• _AVAILABLE RECORDS_:
---+---

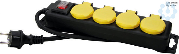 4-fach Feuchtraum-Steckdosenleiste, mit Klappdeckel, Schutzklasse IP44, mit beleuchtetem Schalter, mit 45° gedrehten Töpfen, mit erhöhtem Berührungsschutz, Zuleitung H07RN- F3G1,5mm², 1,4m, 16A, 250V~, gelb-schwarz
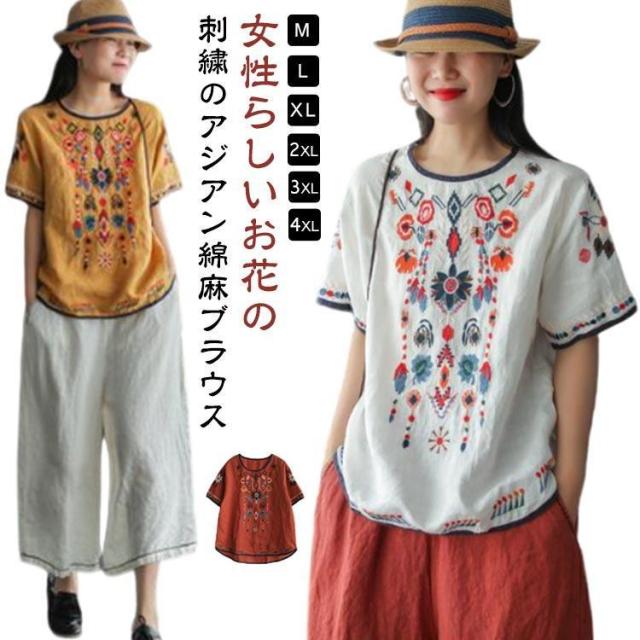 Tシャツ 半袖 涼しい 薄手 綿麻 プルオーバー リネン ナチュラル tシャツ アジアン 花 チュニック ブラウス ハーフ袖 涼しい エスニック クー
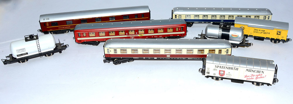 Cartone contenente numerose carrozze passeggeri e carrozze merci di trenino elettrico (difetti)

---+---

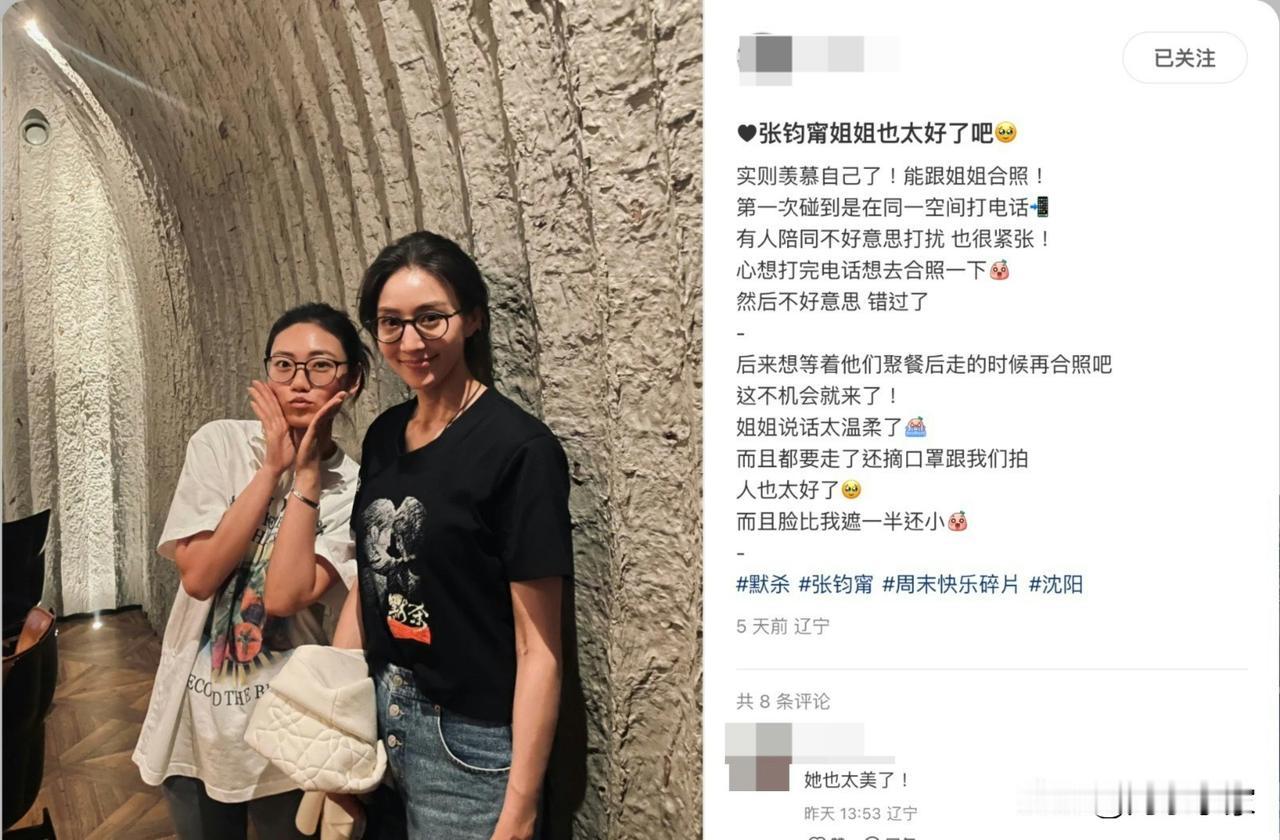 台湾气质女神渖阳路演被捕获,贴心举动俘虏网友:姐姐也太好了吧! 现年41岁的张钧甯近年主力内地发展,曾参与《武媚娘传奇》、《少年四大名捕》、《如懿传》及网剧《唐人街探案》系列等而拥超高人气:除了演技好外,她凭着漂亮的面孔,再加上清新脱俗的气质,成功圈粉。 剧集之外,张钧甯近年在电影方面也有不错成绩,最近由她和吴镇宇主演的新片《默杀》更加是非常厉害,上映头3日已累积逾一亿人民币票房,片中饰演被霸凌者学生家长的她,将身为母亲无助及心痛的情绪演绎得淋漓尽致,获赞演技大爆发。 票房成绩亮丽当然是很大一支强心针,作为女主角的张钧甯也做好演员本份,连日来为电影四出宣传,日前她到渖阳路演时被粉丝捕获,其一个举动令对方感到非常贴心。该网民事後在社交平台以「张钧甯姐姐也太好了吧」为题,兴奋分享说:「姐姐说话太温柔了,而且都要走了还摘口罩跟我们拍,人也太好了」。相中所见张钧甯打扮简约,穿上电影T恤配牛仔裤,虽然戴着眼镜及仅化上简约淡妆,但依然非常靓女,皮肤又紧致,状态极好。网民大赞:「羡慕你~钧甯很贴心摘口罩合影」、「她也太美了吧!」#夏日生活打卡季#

---+---

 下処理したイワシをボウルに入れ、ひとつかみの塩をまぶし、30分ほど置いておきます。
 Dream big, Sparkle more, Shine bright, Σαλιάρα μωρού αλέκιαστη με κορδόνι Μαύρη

---+---

• _WORK INSTRUCTION_: Could you return exactly the stretch of the data above that starts at the line with "下処理したイワシをボウルに入" and ends at the line with "Dream big, Sparkle", both lines included?

• _TASK RESULT_:
 下処理したイワシをボウルに入れ、ひとつかみの塩をまぶし、30分ほど置いておきます。
 Dream big, Sparkle more, Shine bright, Σαλιάρα μωρού αλέκιαστη με κορδόνι Μαύρη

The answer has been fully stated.